What's the big deal about walking?
Turns out that walking is a pretty big deal and is vital for the function of our pelvic floor muscles. Using your own two legs to get around also has unique and widespread benefits throughout the body compared to other forms of exercise such as cycling, swimming, running and even the elliptical or stair climber.
Bone Mineral Density (preventing osteoporosis) by repetitively loading the bones of the lower body and spine in a vertical manner with vibrations from the heel striking the ground
Cardiovascular Health by recruiting every single muscle in the body from the small muscles in your feet to your core, shoulders and ribs for optimum innervation and circulation.
Weight Management as your body is able to burn more fat at moderate, rather than high intensities and heart rates
Musculoskeletal Health with a natural frequency and loading to help nourish, rather than burn through the cartilage in the knees and hips
and of course...
Pelvic Health! The action of the gluteal muscles in walking helps to stabilize the sacrum, applying the appropriate amount of tension to the pelvic floor muscles. Due to the sacrum being mobile within the pelvis, this posterior pull action of the glutes is required for the pelvic floor to perform all of their required actions, including maintaining bladder and bowel control, stopping your organs from falling out, providing core stability and preparing your body for birthing (See Too Long, Too Short or Just Right).
I am currently participating in Steptember! A fundraising campaign challenging team members to walk 10,000 steps per day for 28 days to raise money for Cerebral Palsy. Currently, most adults fall far short of the recommended 10,000 steps per day (~5-8kms per day or around 1.5hrs) with most office workers only doing 3,000 steps per day. Even more concerning are the stats about teenagers and children. According to the Active Health Kids Canada's 2013 report card, Canadian teens aged 15 - 17 walk just an average of 11 minutes per day!
After first putting on my pedometer and scoffing, "I'm up and about all day, 10,000 steps is going to be easy!" I got quite a rude awakening when over the course of a full work day, I was only at 4,000 steps and had to catch up by going for a long walk and doing multiple laps of the house. Definitely an eye opening and valuable experience.
However, not all walking is equal!
Here are a few ways to make your walking even better:
1. Get off the Treadmill
Many of the benefits of walking are gained by the posterior (backwards) push off, which can only be achieved by walking on solid ground, not on a treadmill. Treadmills reinforce a hip flexion pattern(rather than glute and hamstring driven extension) as the ground is moving beneath you, instead of your own muscles propelling you forward.

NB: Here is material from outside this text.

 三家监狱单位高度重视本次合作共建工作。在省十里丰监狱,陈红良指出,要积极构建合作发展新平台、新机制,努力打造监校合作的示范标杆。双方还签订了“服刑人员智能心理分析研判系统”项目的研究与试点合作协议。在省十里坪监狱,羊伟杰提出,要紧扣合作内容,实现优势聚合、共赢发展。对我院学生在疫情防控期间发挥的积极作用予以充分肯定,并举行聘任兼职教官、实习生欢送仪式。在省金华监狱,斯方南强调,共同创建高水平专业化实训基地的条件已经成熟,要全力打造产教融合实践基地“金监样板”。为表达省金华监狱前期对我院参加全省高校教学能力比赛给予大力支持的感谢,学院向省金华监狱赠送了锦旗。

2. Gradually transition to minimal shoes or bare-feet where able
The human body was not designed to wear shoes. There, I said it. Not just because I've never liked shoes anyway, but because it is true. Everything that you put on your feet throughout the day will affect your gait (walking) pattern and subsequent health outcomes.

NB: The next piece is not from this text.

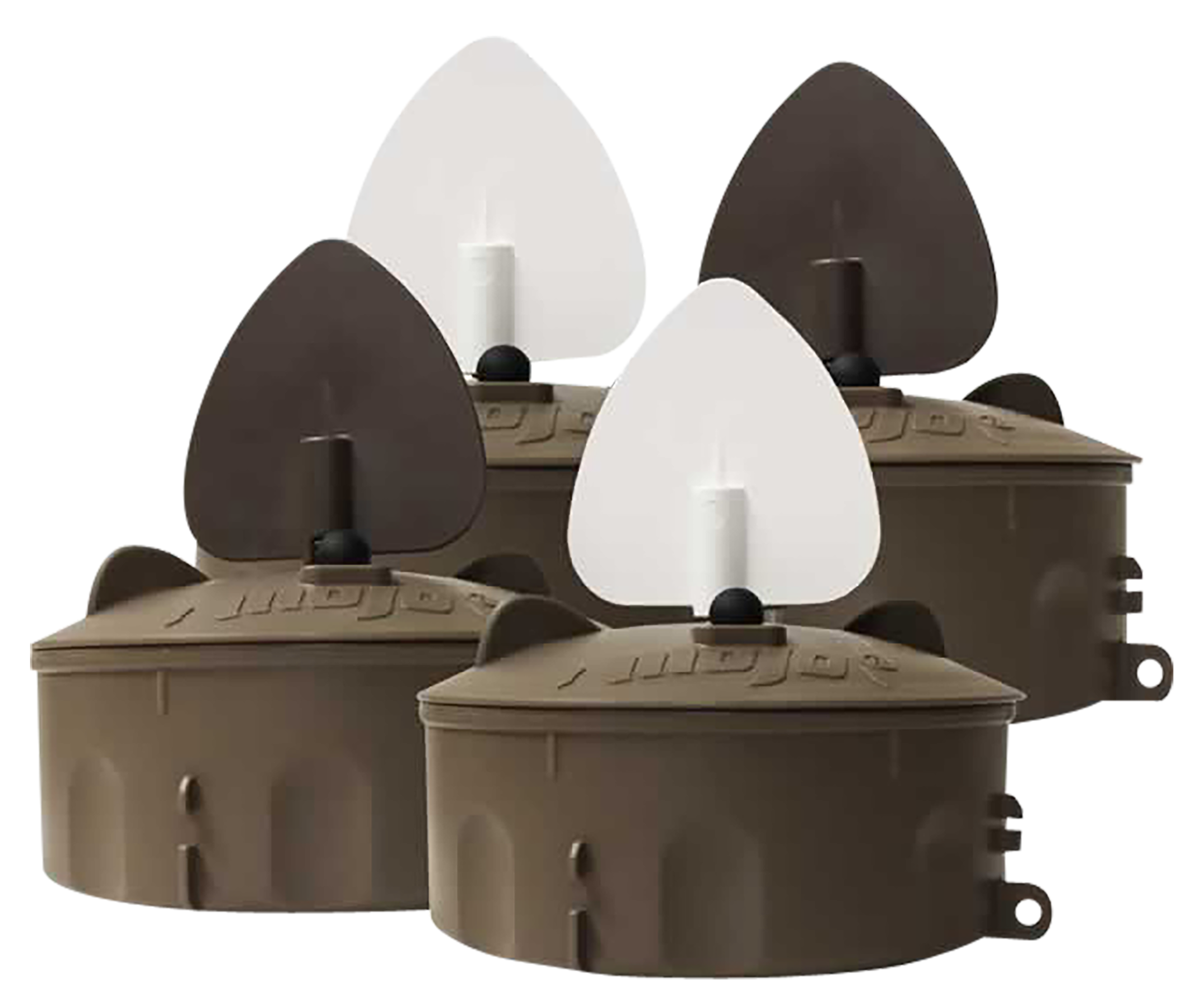 The MOJO Flock A Flicker 2 4-Pack brings a new level of realism to your waterfowl spread. Building on the success of the original, these decoys mimic the random flashes of light and motion created by resting ducks on water or dry ground—signals that tell incoming birds it’s safe to land. The improved design features a larger housing with a sloped top, a re-engineered motor shaft seal, and a twist-lock lid with a heavy-duty gasket for reliable performance. Each unit is pre-programmed with intermittent on/off timers for a natural, random flicker effect. The magnetic wings have white and brown sides to create the perfect “flash,” and the soft-touch on/off button is easy to operate even with gloves. Designed for use on water or in dry fields, these decoys operate up to 30 hours on three AA batteries.

Thicker soles limit your foot's ability to adapt to and sense different surfaces, keeping the 33 joints largely static and many muscles relatively inactive.
Shoes with a positive heel (anything higher at the back than it is at the front) create excessive misaligned load on the joints of the foot, knee and spine, as well as decrease your ability to heel strike and push off posteriorly.
Spot the differences!
3. Get out of the house
There is a quite a difference in the quality of walking while puttering around the house compared to going out specifically for a walk or using your legs instead of your car to get somewhere. Walking outdoors also gives your eyes a break from the limited distances they can see indoors (most frequently between computer screen distance and at max 10m). As with all muscles, the ones that allow your eyes to focus at far distances are a use-it-or-lose-it kind of deal.
4. Try different Terrain
Most of us have become conditioned by walking on flat, smooth ground eg. inside houses and buildings, even outdoors on sidewalks. Walking on natural terrain allows your body to experience different surfaces (think grass, snow, sand, pebbles, dirt, logs) and varying slopes (not just straight up and down, but also along the side of a hill), recruiting your butt and the muscles in your feet even more.
If you haven't been much of a walker, be sure to gradually increase your distances to prevent injury, starting at 15min walks daily and adding another 10 or 15mins per week or as able. A great goal would be 45-60min of walking daily but remember that this doesn't have to be all in one go.